--- What needs to be done ---
Could you please transcribe the data exactly, without the pictures?
[[ Data section, beginning ]]
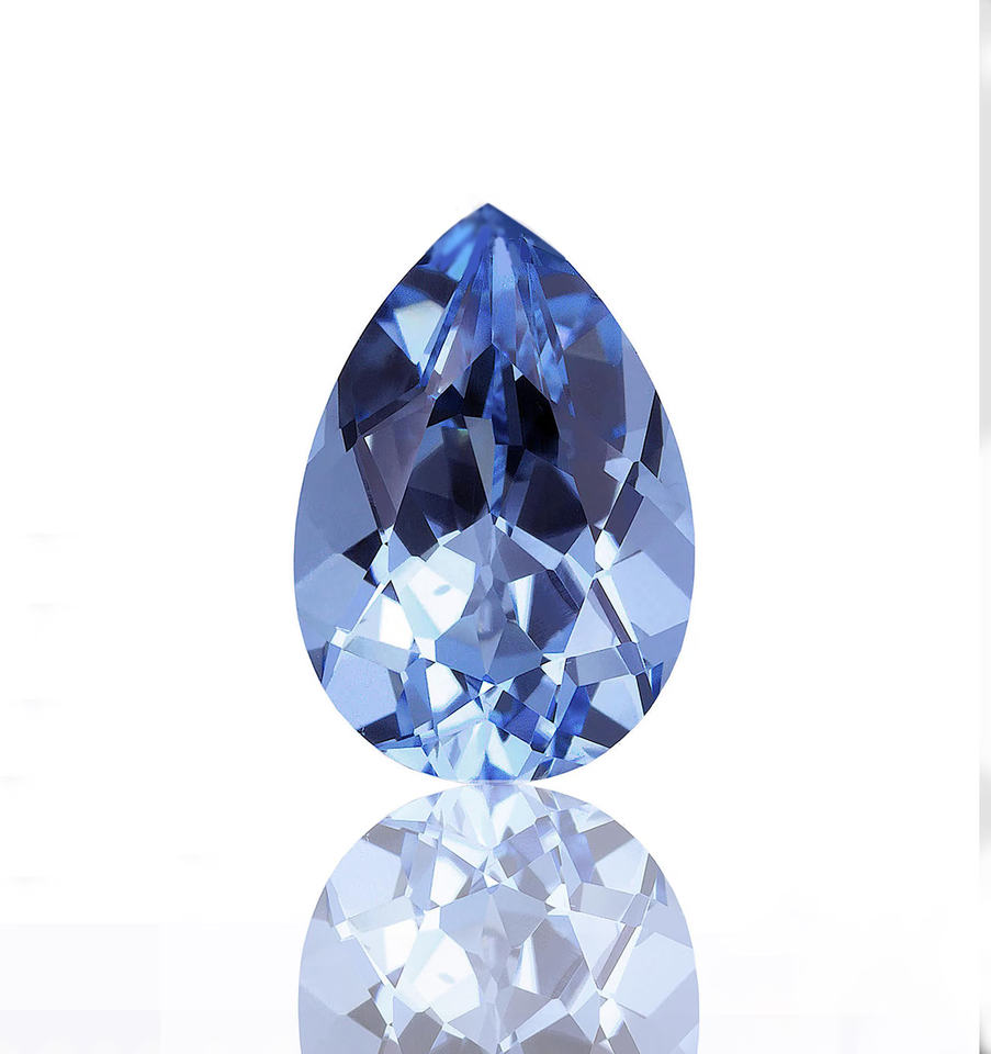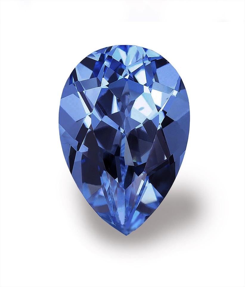 ลูกแพร์สีน้ำเงินไพลินคอร์นฟลาวเวอร์ตัดอัญมณีทนความร้อนพร้อมเอฟเฟกต์การเปลี่ยนสี
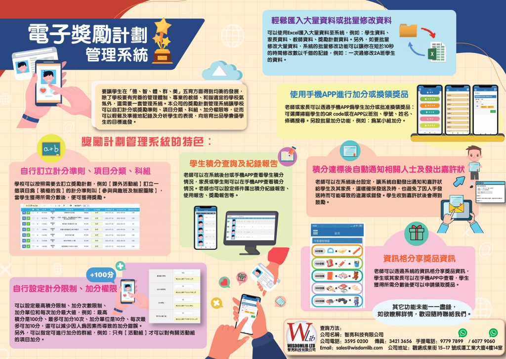 要讓學生在「德、智、體、群、美」五育方面得到均衡的發展,除了學校要有完善的管理體制、專業的教師、和諧適宜的學校氣氛外,還需要一套管理系統。本公司的奬勵計劃管理系統讓學校可以自訂計分或奬勵準則、項目分類、科組、加分權限等,從而可以輕鬆及準確地記錄及分析學生的表現,向培育出品學兼優學生的目標進發。
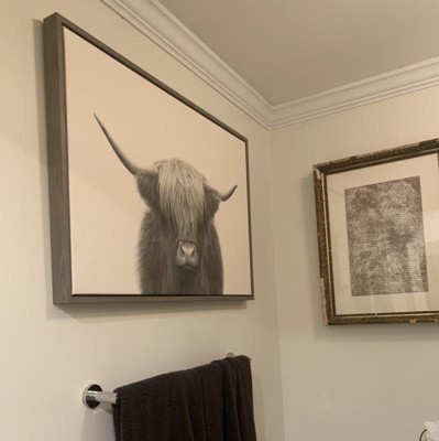 Such a cute picture! I was looking for a good size picture for my room to put on the wall behind my tv. As soon as I saw the Highland Cow, I knew this was it. It’s adorable. Love the gray frame surrounding the canvas print and the coloring of the picture itself. So cute and farmhousy which is what I love and was going for. Perfect size for the space it’s in.
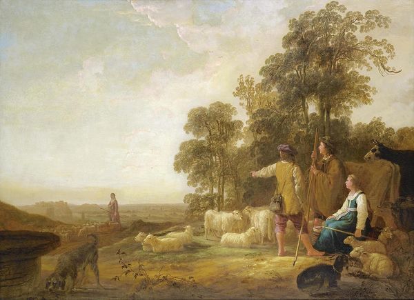 Editor: So, here we have "A Bit of Southern England" by John William North. It's rather small, painted on a piece of board. It feels very pastoral, very calm. What strikes you most about this work? Curator: It’s a memory, perhaps. Not just of the landscape, but of a feeling—of the quiet dignity of rural life. Notice how the figures are integrated into the scene, almost indistinguishable from the earth itself. They are one with it. Editor: So, it's not just a landscape, but more of a…meditation? Curator: Exactly! A meditation on belonging, on the slow, quiet rhythm of the land. And, perhaps, a little longing for a simpler time. Editor: I see it now; that's really beautiful. Thanks for opening my eyes to this! Curator: My pleasure, that's the beauty of art; it always gives back.
[[ Data section, end ]]
--- Final answer ---
 ลูกแพร์สีน้ำเงินไพลินคอร์นฟลาวเวอร์ตัดอัญมณีทนความร้อนพร้อมเอฟเฟกต์การเปลี่ยนสี
 要讓學生在「德、智、體、群、美」五育方面得到均衡的發展,除了學校要有完善的管理體制、專業的教師、和諧適宜的學校氣氛外,還需要一套管理系統。本公司的奬勵計劃管理系統讓學校可以自訂計分或奬勵準則、項目分類、科組、加分權限等,從而可以輕鬆及準確地記錄及分析學生的表現,向培育出品學兼優學生的目標進發。
 Such a cute picture! I was looking for a good size picture for my room to put on the wall behind my tv. As soon as I saw the Highland Cow, I knew this was it. It’s adorable. Love the gray frame surrounding the canvas print and the coloring of the picture itself. So cute and farmhousy which is what I love and was going for. Perfect size for the space it’s in.
 Editor: So, here we have "A Bit of Southern England" by John William North. It's rather small, painted on a piece of board. It feels very pastoral, very calm. What strikes you most about this work? Curator: It’s a memory, perhaps. Not just of the landscape, but of a feeling—of the quiet dignity of rural life. Notice how the figures are integrated into the scene, almost indistinguishable from the earth itself. They are one with it. Editor: So, it's not just a landscape, but more of a…meditation? Curator: Exactly! A meditation on belonging, on the slow, quiet rhythm of the land. And, perhaps, a little longing for a simpler time. Editor: I see it now; that's really beautiful. Thanks for opening my eyes to this! Curator: My pleasure, that's the beauty of art; it always gives back.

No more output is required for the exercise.